▶ _What you should do_:
Type the entries out again exactly as they read, but leave every picture behind.

▶ _Available records_:
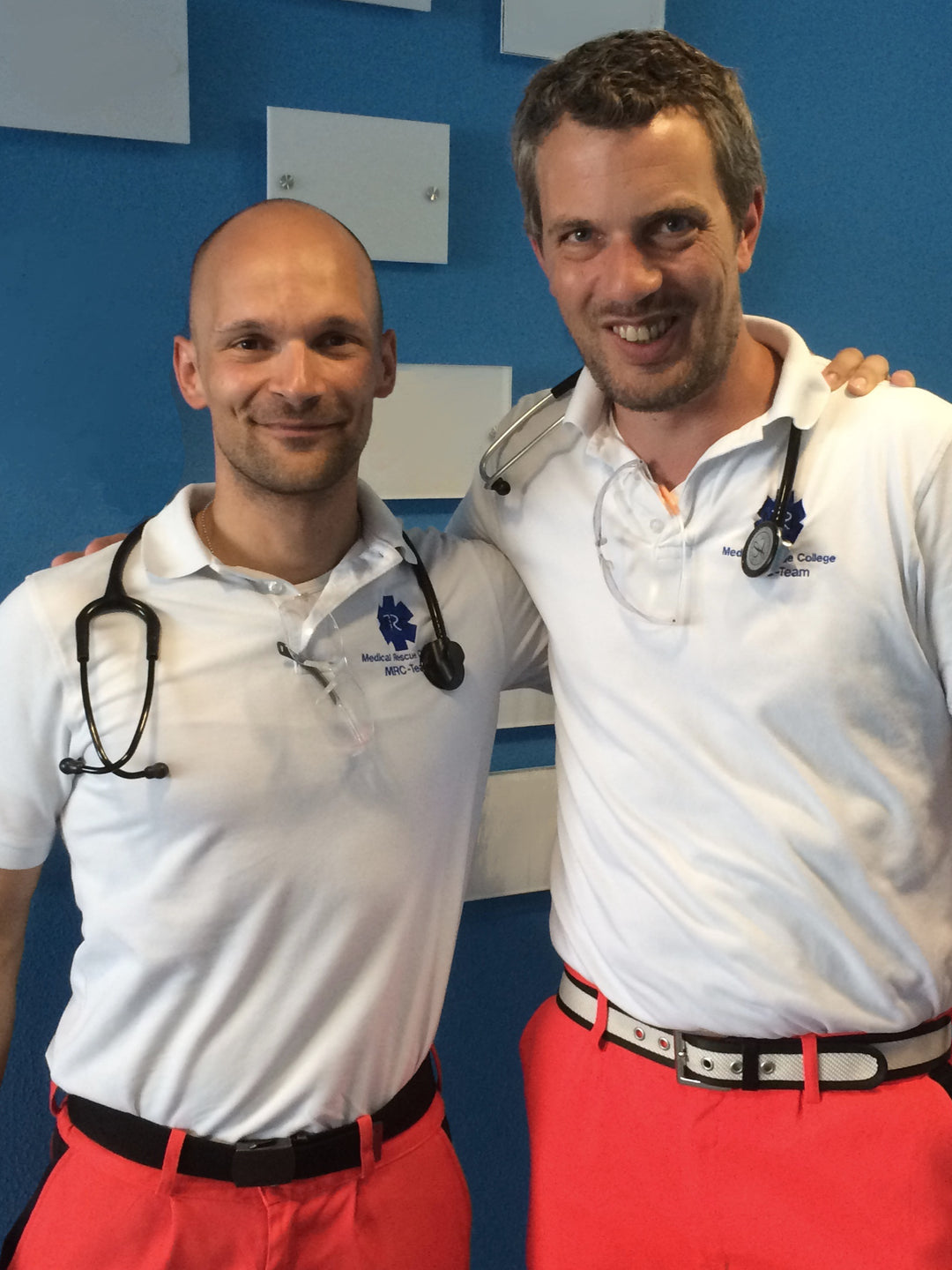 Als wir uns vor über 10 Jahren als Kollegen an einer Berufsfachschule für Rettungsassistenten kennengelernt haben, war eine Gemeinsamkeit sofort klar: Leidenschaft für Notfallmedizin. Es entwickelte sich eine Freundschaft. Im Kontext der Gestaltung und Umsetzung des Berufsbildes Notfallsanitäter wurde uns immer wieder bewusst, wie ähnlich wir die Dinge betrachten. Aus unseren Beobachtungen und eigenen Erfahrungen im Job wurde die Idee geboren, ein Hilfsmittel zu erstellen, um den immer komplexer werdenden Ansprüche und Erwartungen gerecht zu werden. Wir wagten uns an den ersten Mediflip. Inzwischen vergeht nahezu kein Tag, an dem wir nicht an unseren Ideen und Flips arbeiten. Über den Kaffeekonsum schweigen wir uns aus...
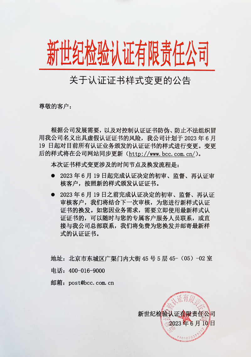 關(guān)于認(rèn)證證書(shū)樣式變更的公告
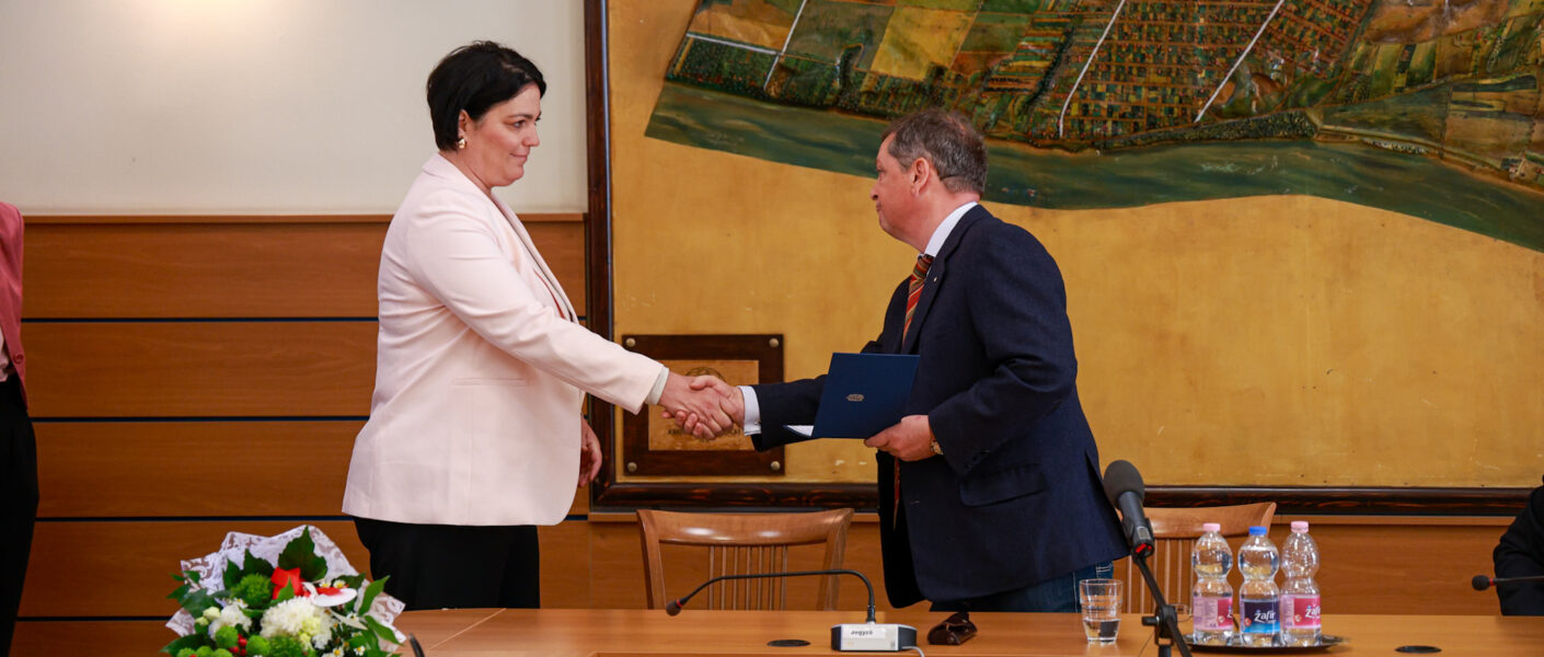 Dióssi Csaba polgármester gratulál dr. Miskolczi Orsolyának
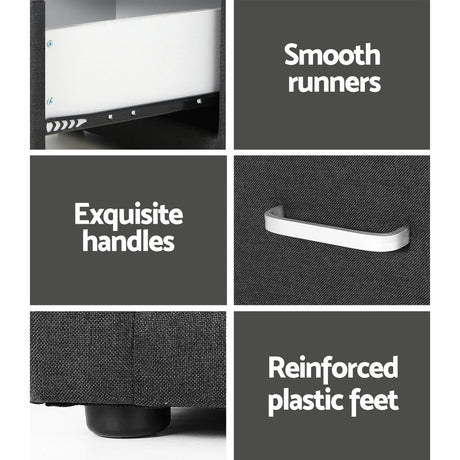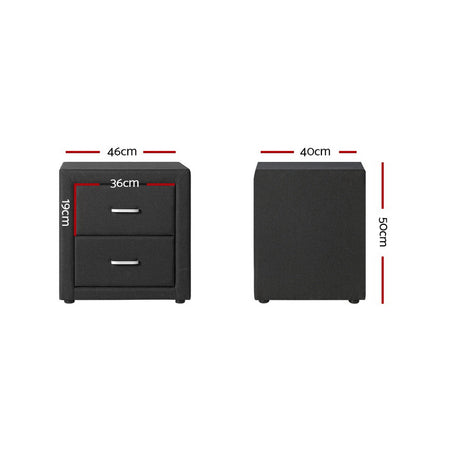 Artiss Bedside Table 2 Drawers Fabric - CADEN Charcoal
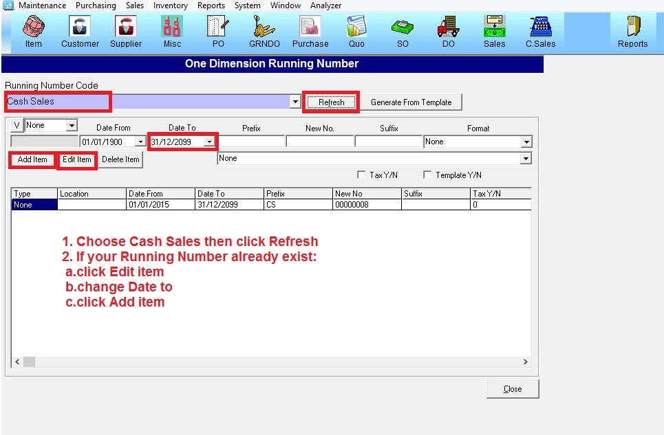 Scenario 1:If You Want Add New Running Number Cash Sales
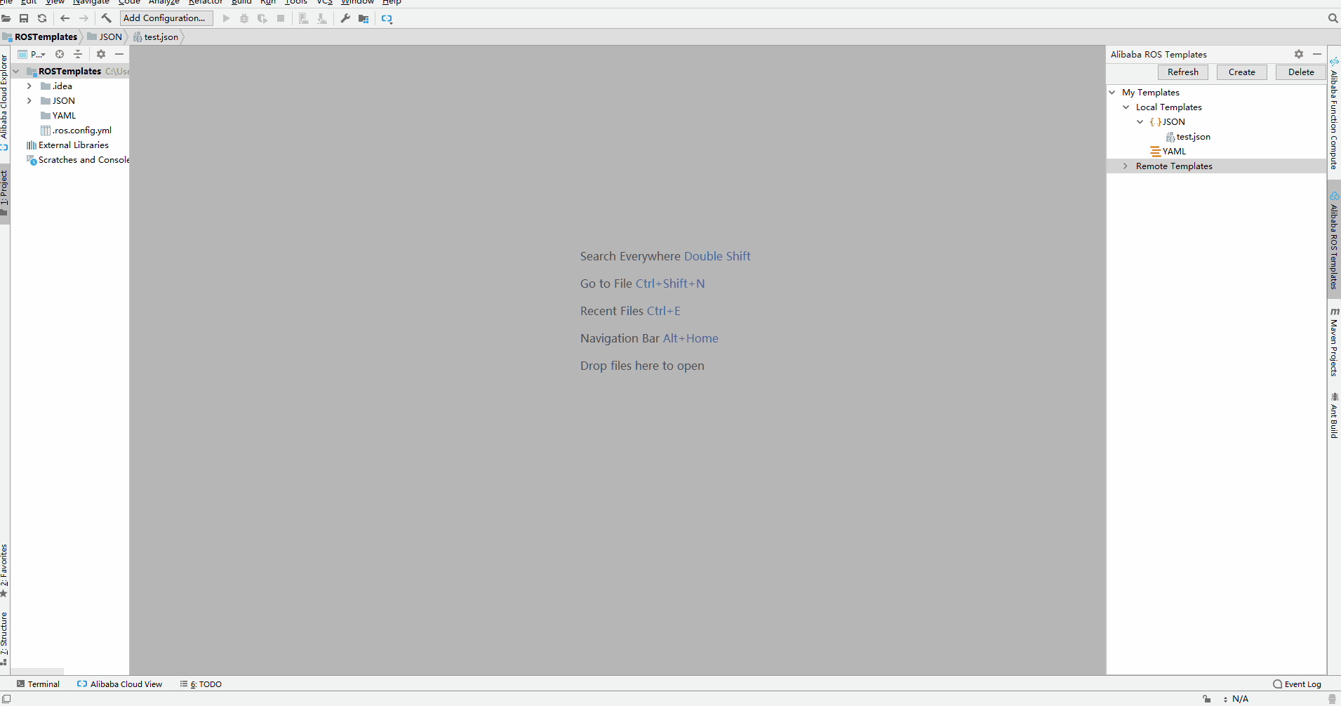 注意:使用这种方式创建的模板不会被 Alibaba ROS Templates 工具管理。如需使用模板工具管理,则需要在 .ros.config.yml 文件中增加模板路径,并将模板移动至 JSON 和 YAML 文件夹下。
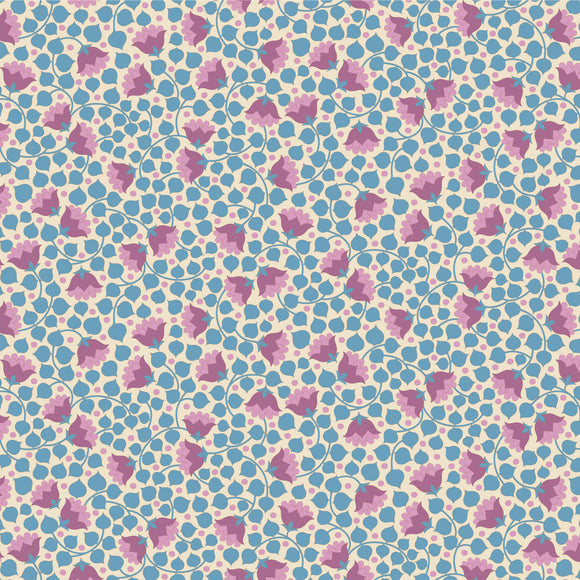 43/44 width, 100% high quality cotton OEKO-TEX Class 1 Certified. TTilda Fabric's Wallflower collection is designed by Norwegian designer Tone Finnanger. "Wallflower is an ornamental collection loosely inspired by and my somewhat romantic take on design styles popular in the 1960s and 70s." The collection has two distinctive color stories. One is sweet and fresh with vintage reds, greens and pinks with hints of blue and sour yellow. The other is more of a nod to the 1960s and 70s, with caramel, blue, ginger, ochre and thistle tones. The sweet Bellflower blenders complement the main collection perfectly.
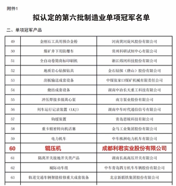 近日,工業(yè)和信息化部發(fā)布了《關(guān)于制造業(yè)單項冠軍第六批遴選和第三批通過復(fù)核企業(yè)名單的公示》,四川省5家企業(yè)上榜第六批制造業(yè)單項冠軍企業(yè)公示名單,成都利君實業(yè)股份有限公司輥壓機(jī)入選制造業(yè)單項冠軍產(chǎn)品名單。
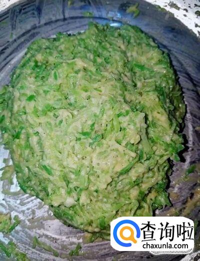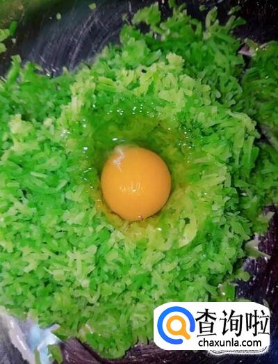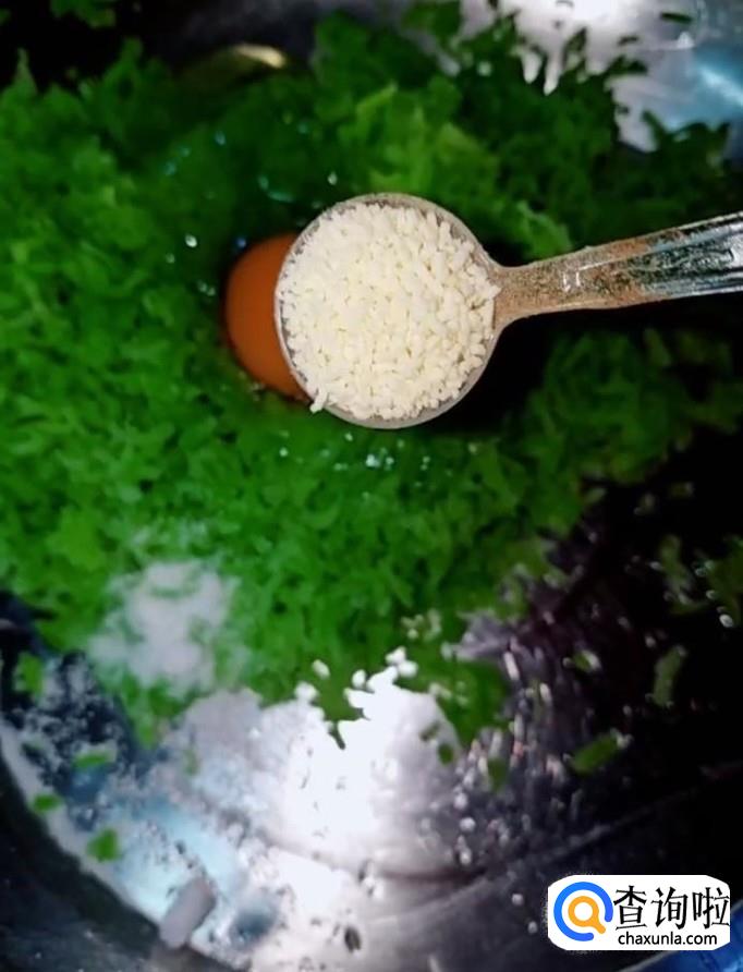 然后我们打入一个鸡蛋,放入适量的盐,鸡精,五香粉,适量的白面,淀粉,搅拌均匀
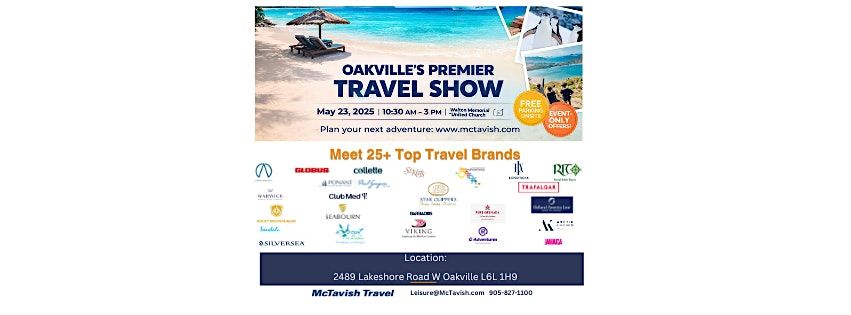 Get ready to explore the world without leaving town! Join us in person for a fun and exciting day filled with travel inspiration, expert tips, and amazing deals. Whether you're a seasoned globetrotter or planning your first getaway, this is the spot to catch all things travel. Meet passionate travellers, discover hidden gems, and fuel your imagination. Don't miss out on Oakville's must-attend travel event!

▶ _Reply to the exercise_:
 Als wir uns vor über 10 Jahren als Kollegen an einer Berufsfachschule für Rettungsassistenten kennengelernt haben, war eine Gemeinsamkeit sofort klar: Leidenschaft für Notfallmedizin. Es entwickelte sich eine Freundschaft. Im Kontext der Gestaltung und Umsetzung des Berufsbildes Notfallsanitäter wurde uns immer wieder bewusst, wie ähnlich wir die Dinge betrachten. Aus unseren Beobachtungen und eigenen Erfahrungen im Job wurde die Idee geboren, ein Hilfsmittel zu erstellen, um den immer komplexer werdenden Ansprüche und Erwartungen gerecht zu werden. Wir wagten uns an den ersten Mediflip. Inzwischen vergeht nahezu kein Tag, an dem wir nicht an unseren Ideen und Flips arbeiten. Über den Kaffeekonsum schweigen wir uns aus...
 關(guān)于認(rèn)證證書(shū)樣式變更的公告
 Dióssi Csaba polgármester gratulál dr. Miskolczi Orsolyának
 Artiss Bedside Table 2 Drawers Fabric - CADEN Charcoal
 Scenario 1:If You Want Add New Running Number Cash Sales
 注意:使用这种方式创建的模板不会被 Alibaba ROS Templates 工具管理。如需使用模板工具管理,则需要在 .ros.config.yml 文件中增加模板路径,并将模板移动至 JSON 和 YAML 文件夹下。
 43/44 width, 100% high quality cotton OEKO-TEX Class 1 Certified. TTilda Fabric's Wallflower collection is designed by Norwegian designer Tone Finnanger. "Wallflower is an ornamental collection loosely inspired by and my somewhat romantic take on design styles popular in the 1960s and 70s." The collection has two distinctive color stories. One is sweet and fresh with vintage reds, greens and pinks with hints of blue and sour yellow. The other is more of a nod to the 1960s and 70s, with caramel, blue, ginger, ochre and thistle tones. The sweet Bellflower blenders complement the main collection perfectly.
 近日,工業(yè)和信息化部發(fā)布了《關(guān)于制造業(yè)單項冠軍第六批遴選和第三批通過復(fù)核企業(yè)名單的公示》,四川省5家企業(yè)上榜第六批制造業(yè)單項冠軍企業(yè)公示名單,成都利君實業(yè)股份有限公司輥壓機(jī)入選制造業(yè)單項冠軍產(chǎn)品名單。
 然后我们打入一个鸡蛋,放入适量的盐,鸡精,五香粉,适量的白面,淀粉,搅拌均匀
 Get ready to explore the world without leaving town! Join us in person for a fun and exciting day filled with travel inspiration, expert tips, and amazing deals. Whether you're a seasoned globetrotter or planning your first getaway, this is the spot to catch all things travel. Meet passionate travellers, discover hidden gems, and fuel your imagination. Don't miss out on Oakville's must-attend travel event!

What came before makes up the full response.